Apurinic/apyrimidinic (AP) endonucleases are important DNA repair enzymes involved in two overlapping pathways: DNA glycosylase-initiated base excision (BER) and AP endonuclease-initiated nucleotide incision repair (NIR). In the BER pathway, AP endonucleases cleave DNA at AP sites and 3'-blocking moieties generated by DNA glycosylases, whereas in NIR, the same AP endonucleases incise DNA 5' to a wide variety of oxidized bases. The flowering plant Arabidopsis thaliana contains three genes encoding homologues of major human AP endonuclease 1 (APE1): Arp, Ape1L and Ape2. It has been shown that all three proteins contain AP site cleavage and 3'-repair phosphodiesterase activities; however, it was not known whether the plant AP endonucleases contain the NIR activity.
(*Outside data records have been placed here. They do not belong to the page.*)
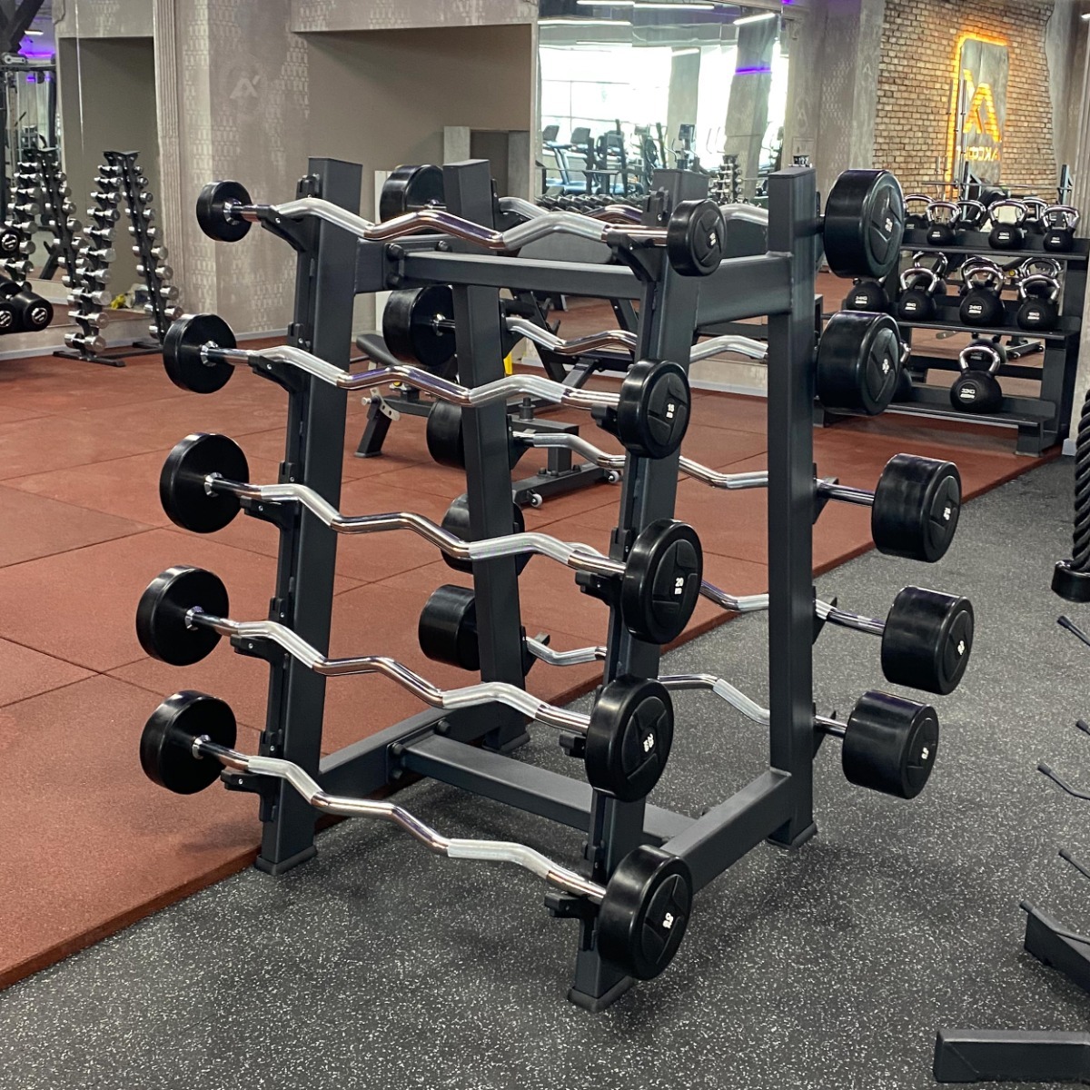 Стойка для штанг А3055 соответствует всем требованиям профессионального оборудования. Конструктивные элементы рамы изготовлены из высококачественной стали, покрыты износостойкой двухслойной полимерной краской. Толщина профиля 3 мм имеет большой радиус угла, что придает тренажеру более элегантный внешний вид. Резиновые подпятники обеспечивают устойчивость и предотвращают повреждение полового покрытия в помещении. Позволяет поддерживать порядок в зоне силовых тренировок, экономит место, обеспечивает безопасность хранения 10 фиксированных штанг.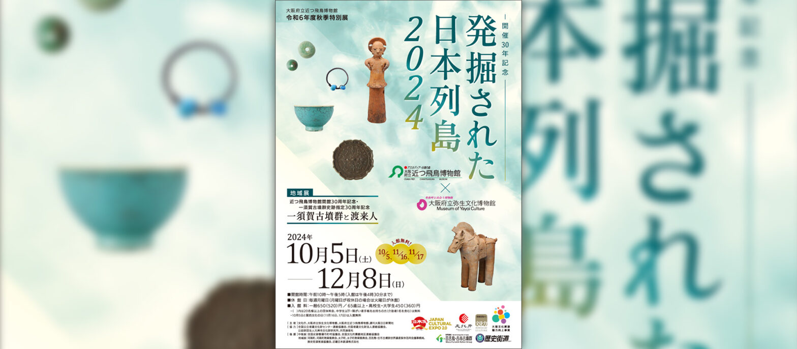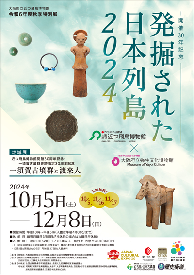 大阪府では10年ぶりの開催となる「発掘された日本列島展」は、近つ飛鳥博物館と弥生文化博物館の合同で開催いたします。近年の発掘調査で出土した文化財や、調査で明らかになった最新の研究成果をご覧いただけます。また、地域展として当館の周辺に広がる一須賀古墳群と府内の関連遺跡をとりあげた「一須賀古墳群と渡来人」を同時開催いたします。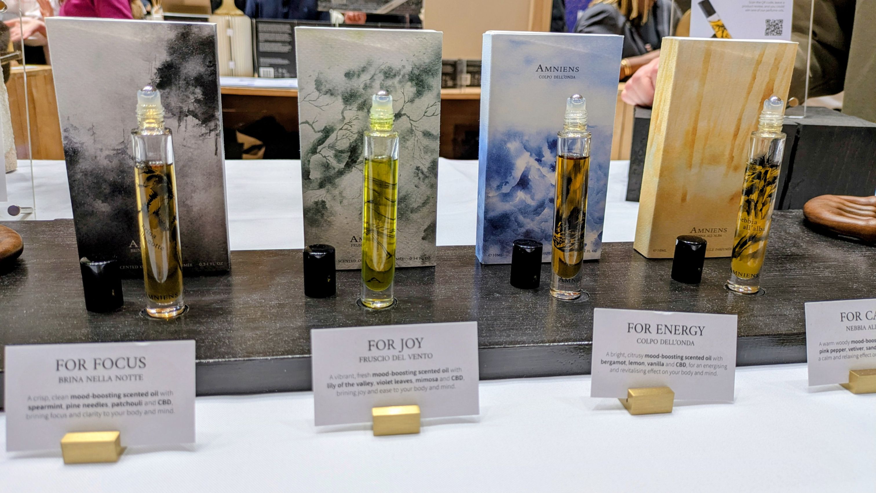 A different, more concept-driven approach was visible in the newly launched brand Amniens. Their collection is built around the effect of scent on mood, with fragrances designed to support states such as focus, joy, energy, and calm—moving beyond traditional aromatherapeutic blends toward compositions that function more clearly as perfumes.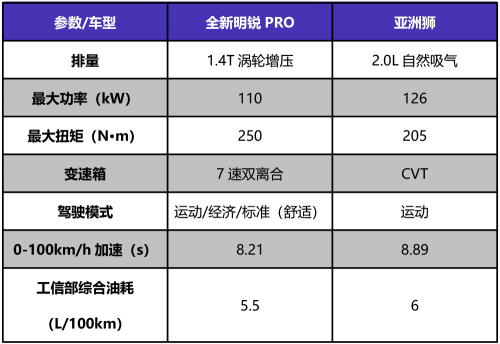 從參數(shù)上可以看出,全新明銳PRO搭載了1.4T渦輪增壓發(fā)動機,最大功率110kW,最大扭矩250N·m,匹配7速雙離合變速箱。而亞洲獅則搭載了2.0L自然吸氣發(fā)動機,最大功率126kW,最大扭矩205N·m,匹配CVT變速箱。全新明銳PRO不僅百公里加速比亞洲獅快,更重要的是油耗也比亞洲獅低,真正做到了高效且省油,極大降低了使用成本。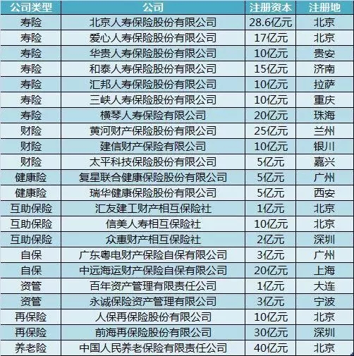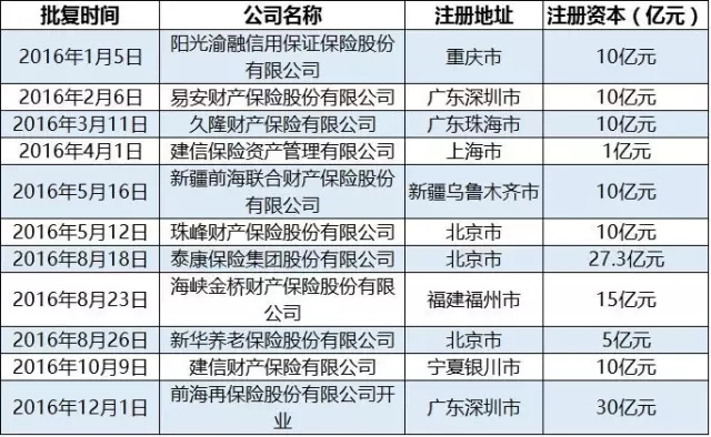 根据保监会公开资料显示,2016年,中国保险市场共有22家保险机构获批筹建,注册资本共计280.6亿元,其中寿险公司7家;财险公司和互助保险各3家;健康险、再保、保险资管公司、自保公司各2家;养老险公司1家。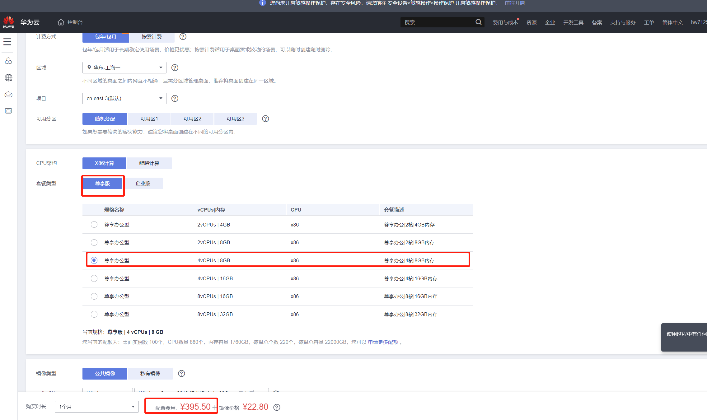 在华为云云桌面购买阶段,套餐类型分为尊享版和企业版,但是当选择相同内存和cpu的规格时,价格却不相同,建议说明尊享版和企业版的区别,方便买家购买合适的规格和类型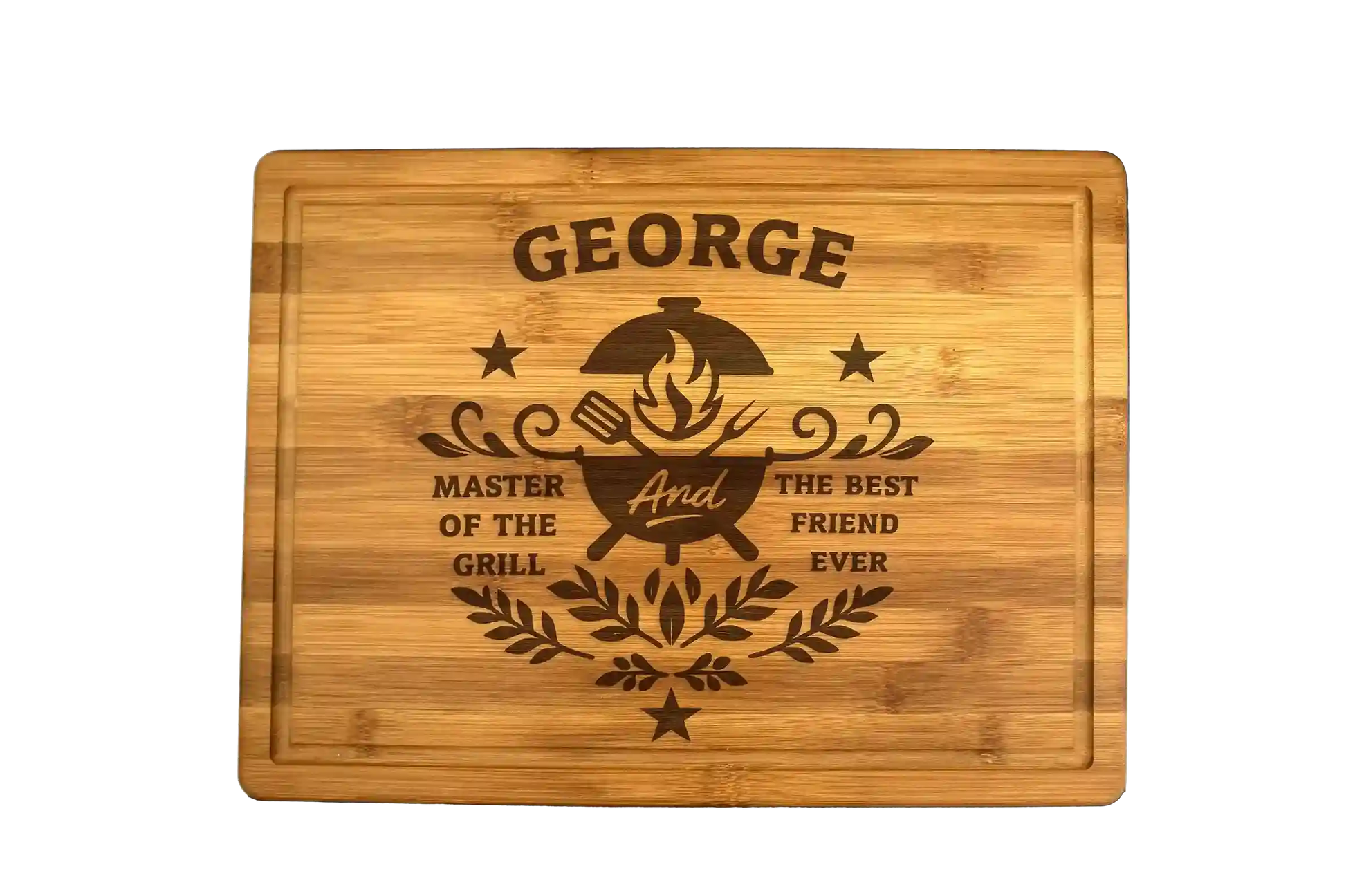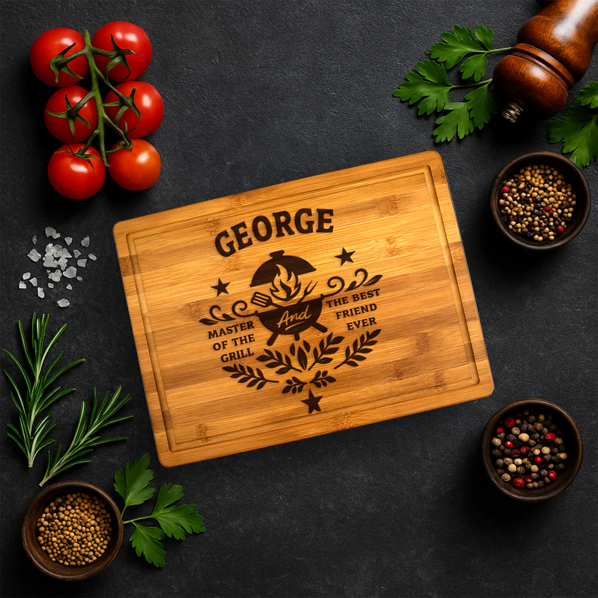 Alege un tocător care îmbină estetica rafinată cu funcționalitatea zilnică. Modelul «Master of the grill» este realizat din bambus matur, provenit din surse sustenabile, cunoscut pentru densitatea ridicată și rezistența la umiditate. Fiecare fibră de bambus este presată la temperaturi controlate pentru a crea o suprafață compactă, ideală pentru utilizare intensă. Gravura laser de înaltă precizie transformă placa într-o piesă unică, perfectă atât pentru tocare cât și pentru servire direct pe masă, aducând un plus de autenticitate experienței culinare.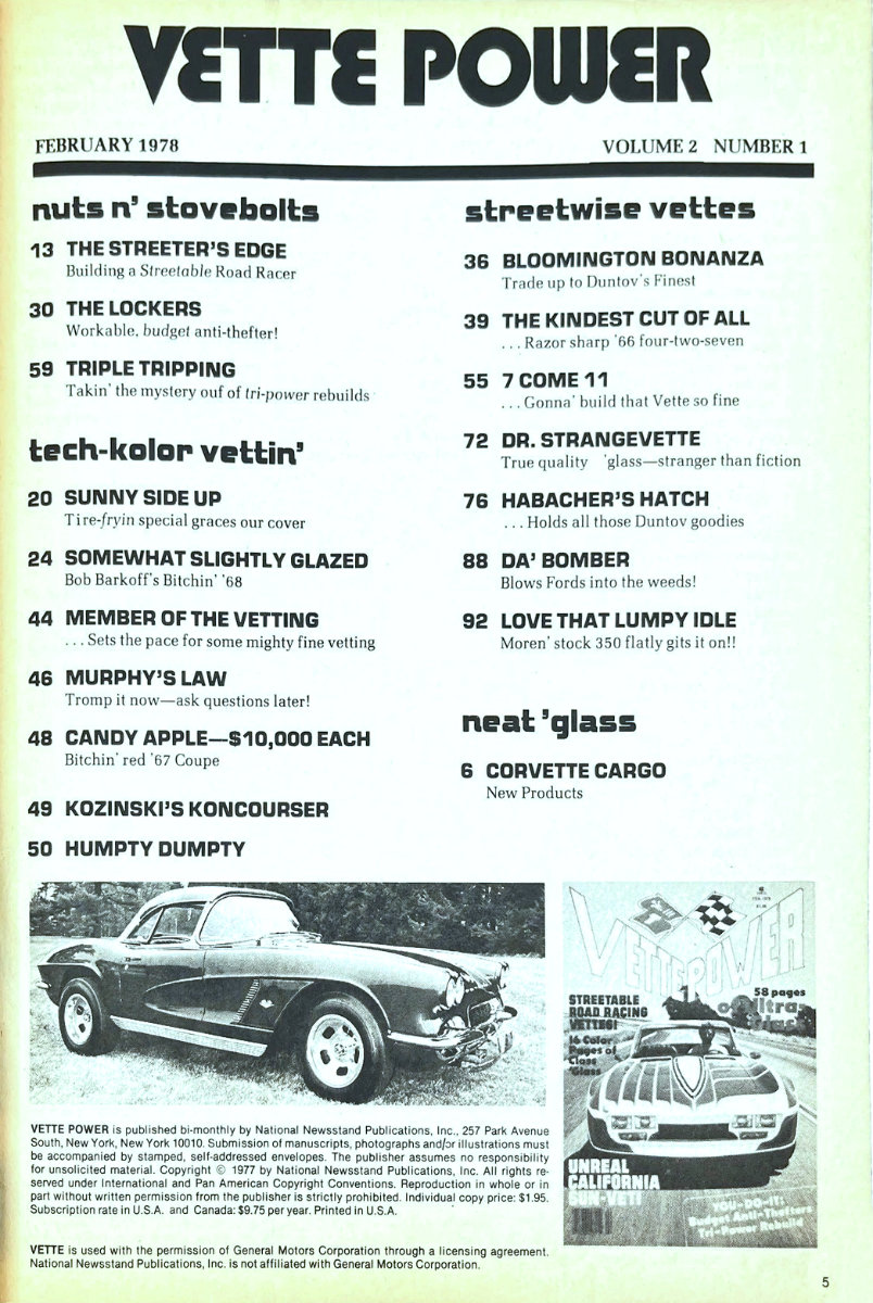 Mr. Fass worked with Stanley R. Harris to jointly publish Vette Power under Harris' Modern Day Periodicals Inc. organization. This is likely how Mr. Harris learned about the automotive publishing realm. Harris went on to create Mopar Action.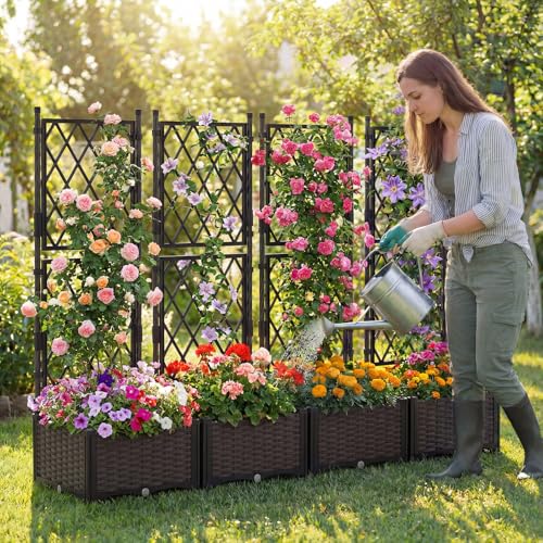 - 【Sturdy and Reliable Construction】 The trellises are constructed of rustproof PE-coated metal tubes, designed to withstand high temperatures and resist weather damage, complete with corrugated design to enhance friction, helping plants climb easily. The planter boxes are crafted from robust PP panels that resist cracking and fading, ensuring long-lasting performance.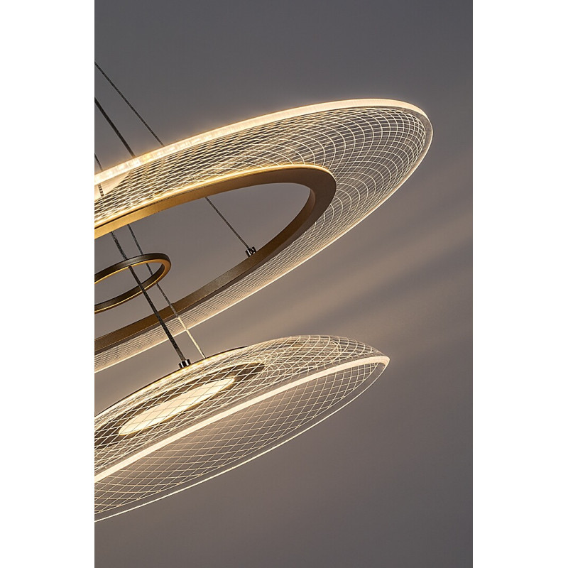 Lampa suspendată Rabalux Zofrael este recomandată celor care caută o lampă sofisticată, cu un aspect unic, pentru camere mai spațioase. Acest candelabru spectaculos este realizat cu un suport din metal de culoare aurie și un abajur din acril transparent. Este alcătuit din două capete de lampă suspendate unul sub celălalt, cel superior fiind plat și de formă disc, iar cel inferior mai mic și de formă umbrelă. Suprafața abajurului are un frumos model gravat, care devine vizibil atunci când lampa este aprinsă. Lampa suspendată poate fi montată pe tavan folosind o bază decorativă rotundă de culoare aurie și cabluri metalice de culoare argintie. Aceasta dispune de o sursă de lumină LED încorporată, care oferă o luminozitate mare, o funcționare eficientă energetic și o durată lungă de viață. Lampa emite o lumină albă caldă. Este ideală pentru living, dining sau dormitor.Intrebari frecvente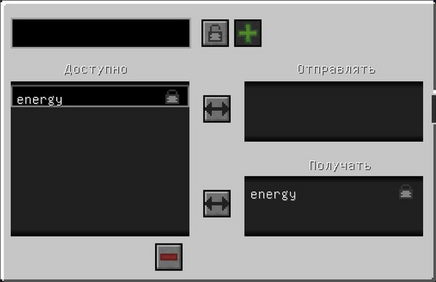 1. Тип передачи. В левой части интерфейса нужно выбрать, что именно вы будете пересылать: энергию (красный значок), предметы (зеленый) или жидкости (синий). На одной частоте можно передавать только что-то одно, поэтому для предметов и жидкостей придется создавать разные пары передатчиков или использовать плату расширения.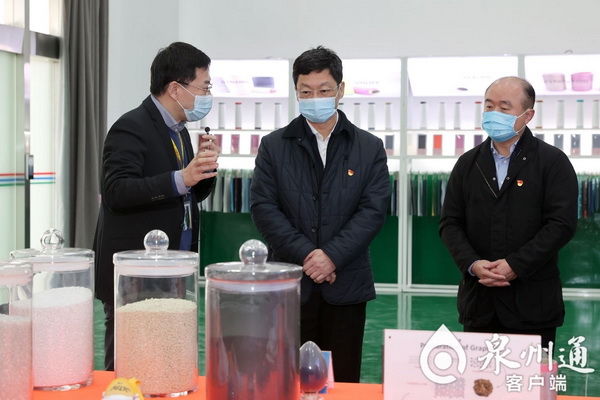 1月11日,市委書記康濤前往泉州臺商投資區調研重點項目和疫情防控工作,圖為在烯石新材料科技有限公司了解企業生產經營狀況。陳起拓 攝

Here, we report that ARP proteins from Arabidopsis and common wheat (Triticum aestivum) contain NIR and 3'→5' exonuclease activities in addition to their AP endonuclease and 3'-repair phosphodiesterase functions. The steady-state kinetic parameters of reactions indicate that Arabidopsis ARP cleaves oligonucleotide duplexes containing α-anomeric 2'-deoxyadenosine (αdA) and 5,6-dihydrouridine (DHU) with efficiencies (k_cat/K_M=134 and 7.3 μM^-1·min^-1, respectively) comparable to those of the human counterpart. However, the ARP-catalyzed 3'-repair phosphodiesterase and 3'→5' exonuclease activities (k_cat/K_M=314 and 34 μM^-1·min^-1, respectively) were about 10-fold less efficient as compared to those of APE1. Interestingly, homozygous A. thaliana arp^-/- mutant exhibited high sensitivity to methyl methanesulfonate and tert-butyl hydroperoxide, but not to H₂O₂, suggesting that ARP is a major plant AP endonuclease that removes abasic sites and specific types of oxidative DNA base damage. Taken together, these data establish the presence of the NIR pathway in plants and suggest its possible role in the repair of DNA damage generated by oxidative stress.

Keywords: 3'-repair phosphodiesterase; AP endonuclease; DNA repair; alkylating agent; apurinic/apyrimidinic sites; base excision repair; hydrogen peroxide; nucleotide incision repair; organic peroxide; oxidative DNA damage.